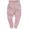Półśpiochy niemowlęce w kolorze różowym, wykonane z wysokiej jakości 100% bawełny. Z przodu ubranka po lewej stronie umieszczono naszywkę z napisem „Hello!. W pasie umieszczono szeroki ściągacz, który utrzymuje półśpiochy w odpowiednim miejscu nie uciskając przy tym brzuszka. Odpowiedni krój ubranka zapewnia komfort noszenia nie krępując ruchów dziecka. Gumki wszyte z tyłu nad piętami uniemożliwiają zsuwanie się ubranka ze stópek dziecka. Takie półśpiochy to niezbędny element wyprawki każdego dziecka.
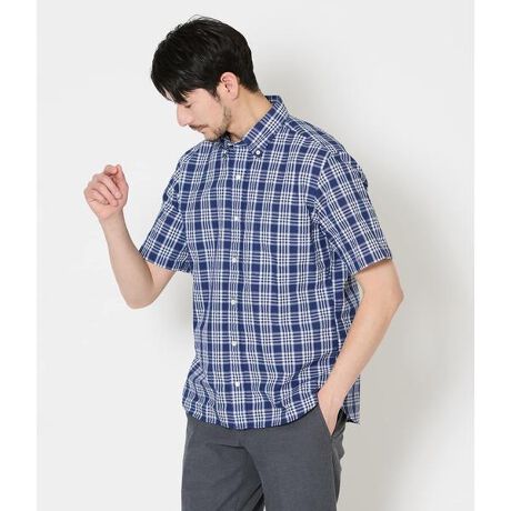 程よい大きさのネイビーチェックが爽やかな印象を与える半袖ショートボタンダウンシャツ。軽やかな素材感で、暑い季節でも快適に着用できる一着です。
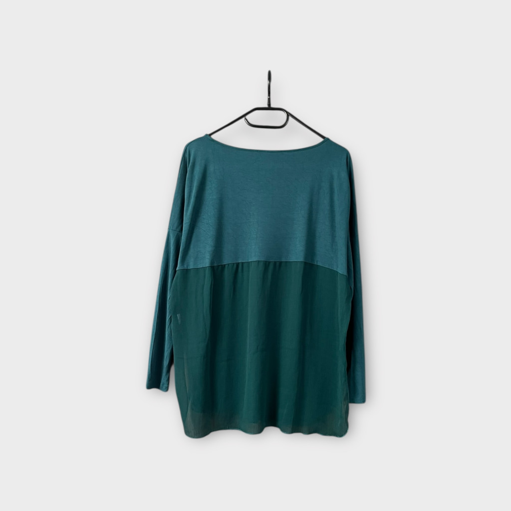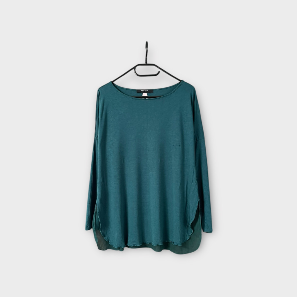 Bő fazonú, hosszított női felső. A beleírt méret S, de inkább M-es méretre ajánljuk.
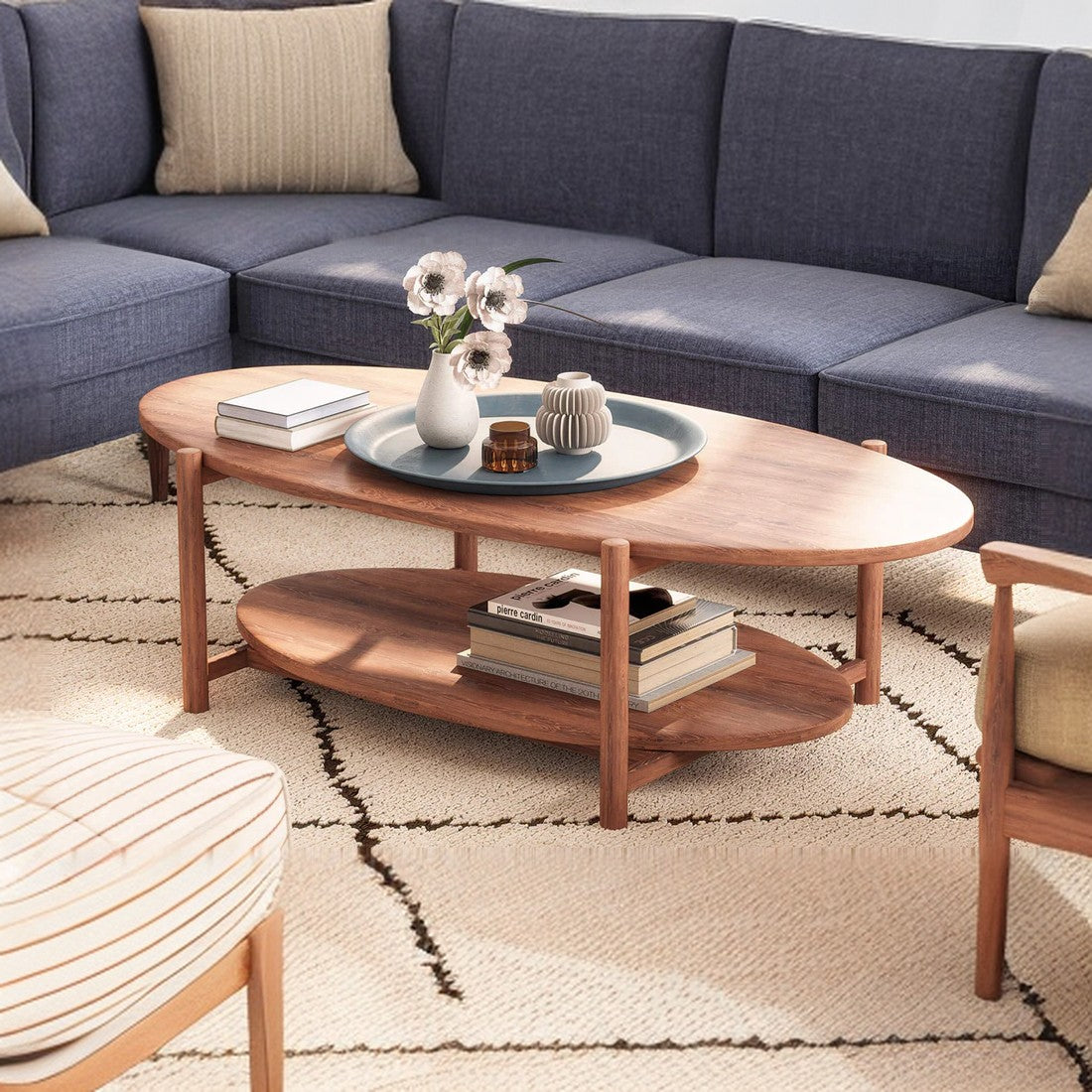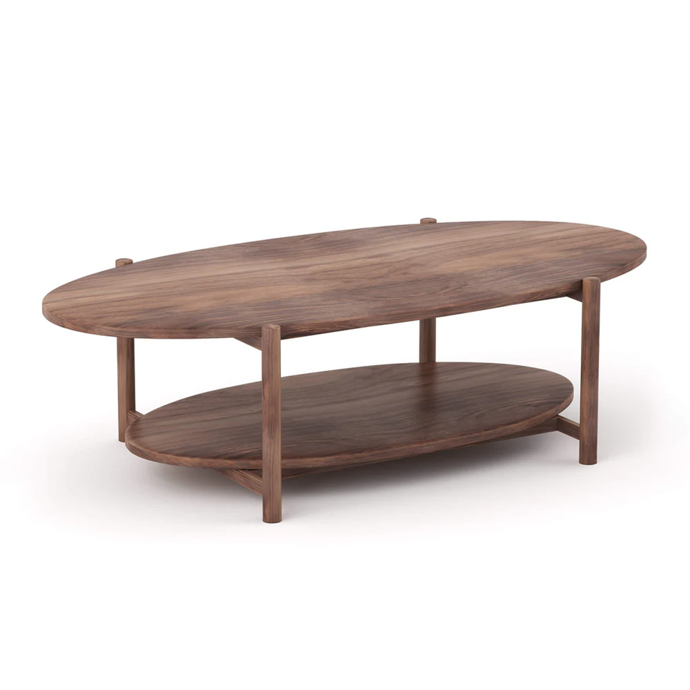 Embrace timeless design with the Iris Oval Coffee Table. Crafted from rich, inviting walnut wood, this piece captures the essence of mid-century modern style with its elegant oval shape and clean lines. Featuring a spacious double-tier design, it offers ample surface area for decor and a convenient lower shelf for books, magazines, or everyday essentials, making it both a beautiful focal point and a highly functional addition to any living space.

- [Exercise directions]
Omit all images when repeating the data above exactly.

- [Result]
Półśpiochy niemowlęce w kolorze różowym, wykonane z wysokiej jakości 100% bawełny. Z przodu ubranka po lewej stronie umieszczono naszywkę z napisem „Hello!. W pasie umieszczono szeroki ściągacz, który utrzymuje półśpiochy w odpowiednim miejscu nie uciskając przy tym brzuszka. Odpowiedni krój ubranka zapewnia komfort noszenia nie krępując ruchów dziecka. Gumki wszyte z tyłu nad piętami uniemożliwiają zsuwanie się ubranka ze stópek dziecka. Takie półśpiochy to niezbędny element wyprawki każdego dziecka.
 程よい大きさのネイビーチェックが爽やかな印象を与える半袖ショートボタンダウンシャツ。軽やかな素材感で、暑い季節でも快適に着用できる一着です。
 Bő fazonú, hosszított női felső. A beleírt méret S, de inkább M-es méretre ajánljuk.
 Embrace timeless design with the Iris Oval Coffee Table. Crafted from rich, inviting walnut wood, this piece captures the essence of mid-century modern style with its elegant oval shape and clean lines. Featuring a spacious double-tier design, it offers ample surface area for decor and a convenient lower shelf for books, magazines, or everyday essentials, making it both a beautiful focal point and a highly functional addition to any living space.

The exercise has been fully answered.